What are the main types of biofuels and their characteristics?

The main categories include ethanol (produced by fermenting sugars or starches like corn and sugarcane), biodiesel and renewable diesel (made from fats and oils but processed differently), biogas and biomethane (from anaerobic digestion of organic waste), and advanced biofuels (from non-food feedstocks like crop residues or algae). Each has unique pros, cons, and uses.

Why is ethanol considered both a workhorse and a headache in biofuel discussions?

Ethanol is widely used and integrated into fuel systems, helping reduce oil imports and lifecycle emissions depending on feedstock. However, it has lower energy density than gasoline, blending limitations, and raises concerns over feedstock competition with food crops as well as land and water impacts.

How do biodiesel and renewable diesel differ, and why does this matter?

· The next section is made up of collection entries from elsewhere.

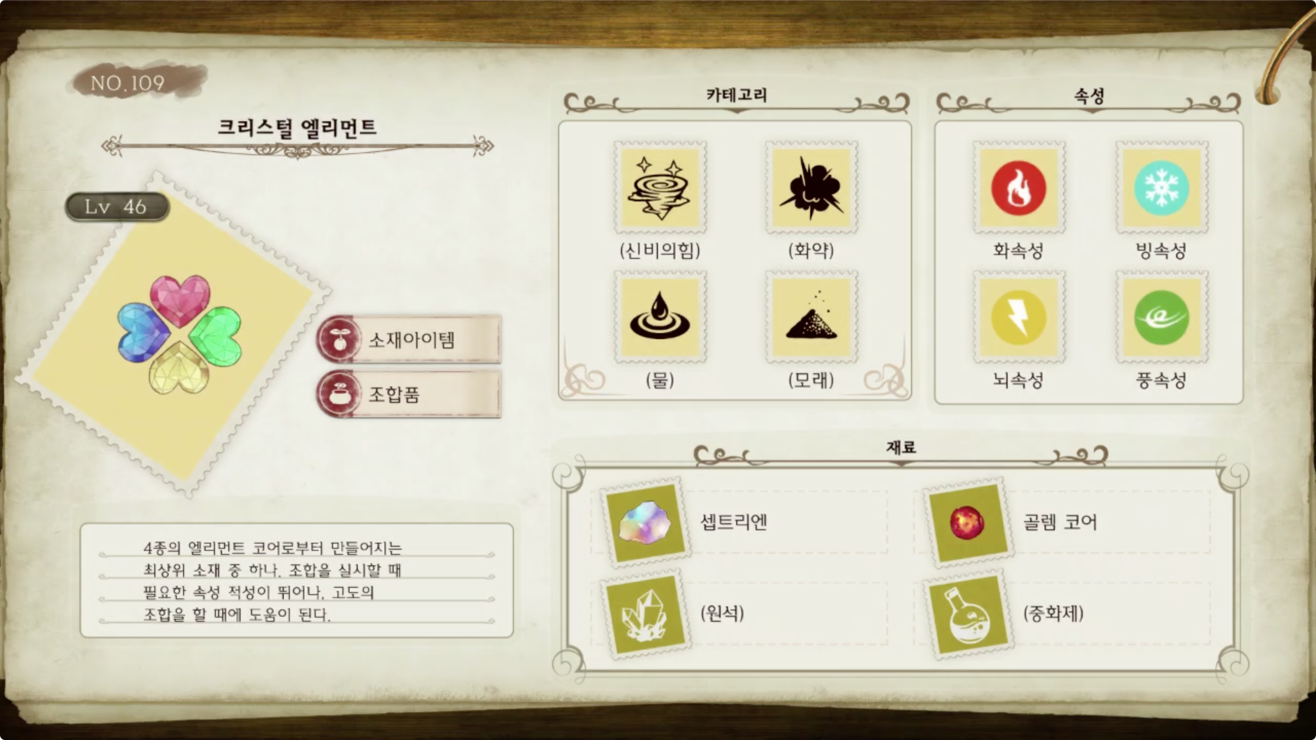 라이자의 아틀리에 - 아이템 도감 NO.109 크리스털 엘리먼트
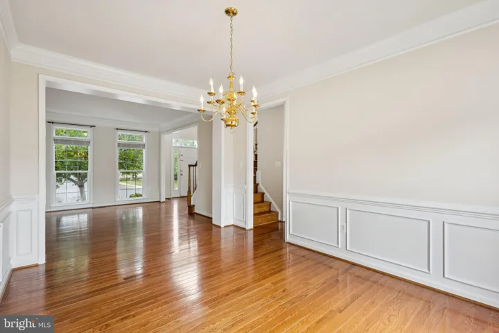 The main level boasts gleaming hardwood floors throughout, a private home office, and a spacious living and dining room combination highlighted by elegant wainscoting. The gourmet kitchen features an oversized island, abundant cabinetry, and opens to a cozy family room with a gas fireplace—perfect for gatherings and everyday living.
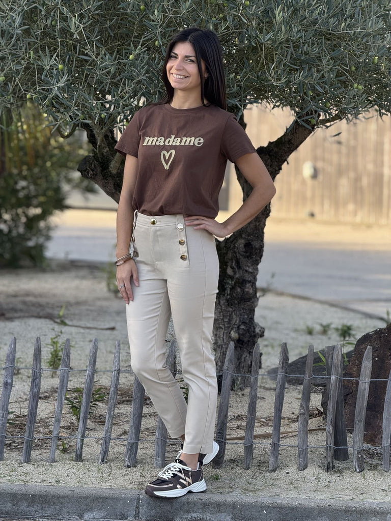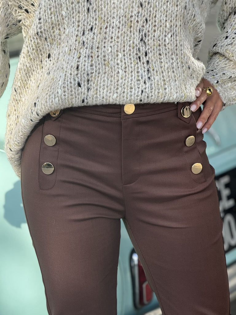 - PANTALON CAROTTE AVEC BOUTONS SUR COTE
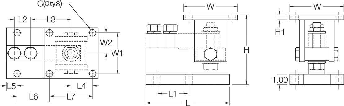 - Three or four RL1855 HE stainless steel mounts with RL32218S-HE NTEP Certified hermetically sealed stainless steel load cells
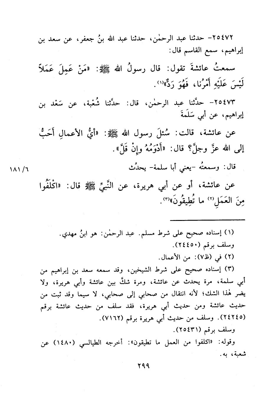 ٢٥٤٧٢ - حَدَّثَنَا عَبْدُ الرَّحْمَنِ، حَدَّثَنَا عَبْدُ اللهِ بْنُ جَعْفَرٍ، عَنْ سَعْدِ بْنِ إِبْرَاهِيمَ، سَمِعَ الْقَاسِمَ، قَالَ: سَمِعْتُ عَائِشَةَ، تَقُولُ: قَالَ رَسُولُ اللهِ صَلَّى اللهُ عَلَيْهِ وَسَلَّمَ: " مَنْ عَمِلَ عَمَلًا لَيْسَ عَلَيْهِ أَمْرُنَا، فَهُوَ رَدٌّ " (١)

Biodiesel is made by transesterification of fats and oils and blended with petroleum diesel, while renewable diesel is produced via hydrotreating to create a 'drop-in' fuel compatible with existing engines and pipelines. This difference affects scalability, compatibility, and the potential to reduce transition friction in energy systems.

What makes biogas and biomethane important in the biofuel landscape?

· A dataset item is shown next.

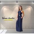 Women Sleeve Less Maxi Dress Blue Size, Extra Large
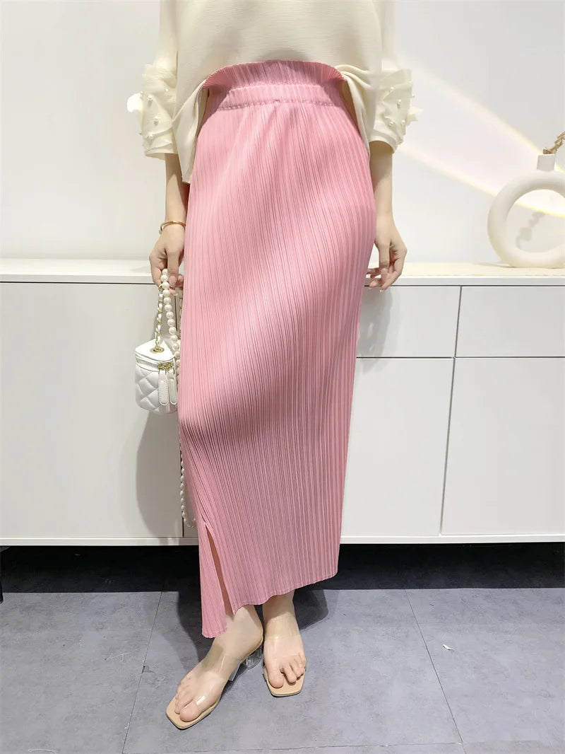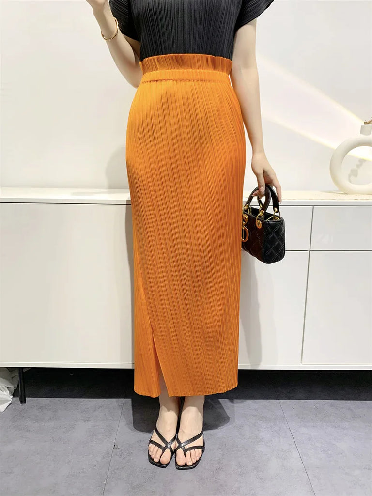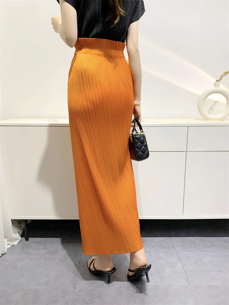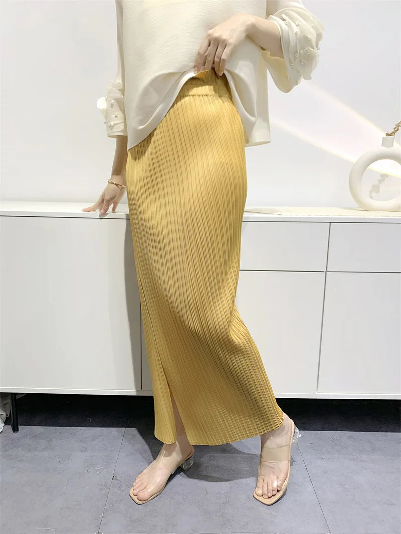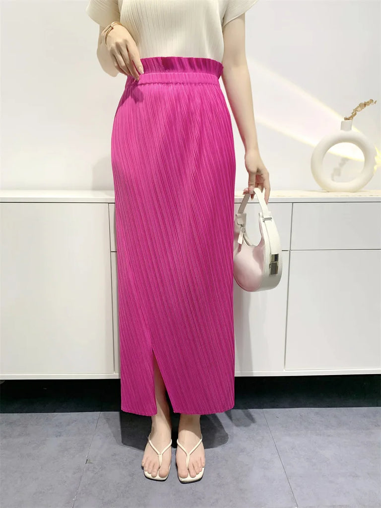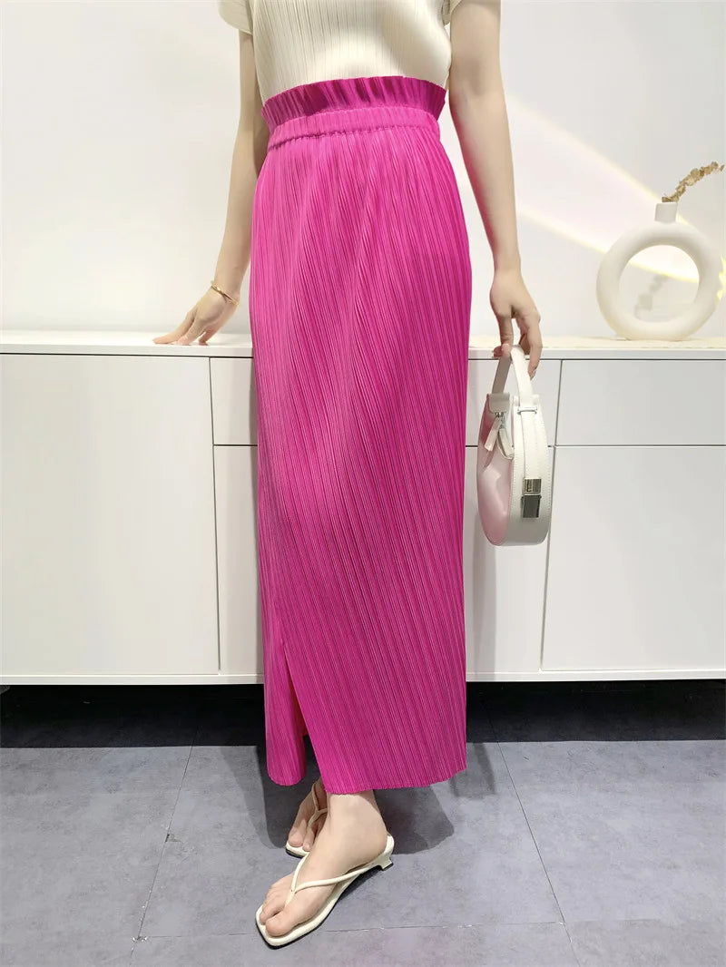 Elevate your summer wardrobe with this effortlessly chic women's skirt. Designed with a mid-calf length of approximately 97cm, this piece offers a blend of casual style and comfort. Crafted from high-stretch polyester, it ensures a loose and relaxed fit, perfect for everyday wear. The skirt features a pleated silhouette and natural waistline, enhancing its style quotient while maintaining comfort. Ideal for middle-aged women, this solid pattern skirt is a versatile addition to any collection, seamlessly complementing a range of outfits.

Biogas comes from anaerobic digestion of organic waste like manure or food scraps. When cleaned to biomethane, it can be used in gas grids or vehicles. This pathway captures methane—a potent greenhouse gas—preventing emissions effectively. It's practical, less controversial, and an important growth area without competing with food crops.

Why are advanced biofuels critical for sectors like aviation?

Advanced biofuels use non-food feedstocks or complex conversions (e.g., cellulosic ethanol, algae oils) that could scale without impacting food systems. Despite economic challenges, they're vital for aviation and shipping where electrification is difficult, offering sustainable alternatives to reduce carbon footprints in these hard-to-electrify sectors.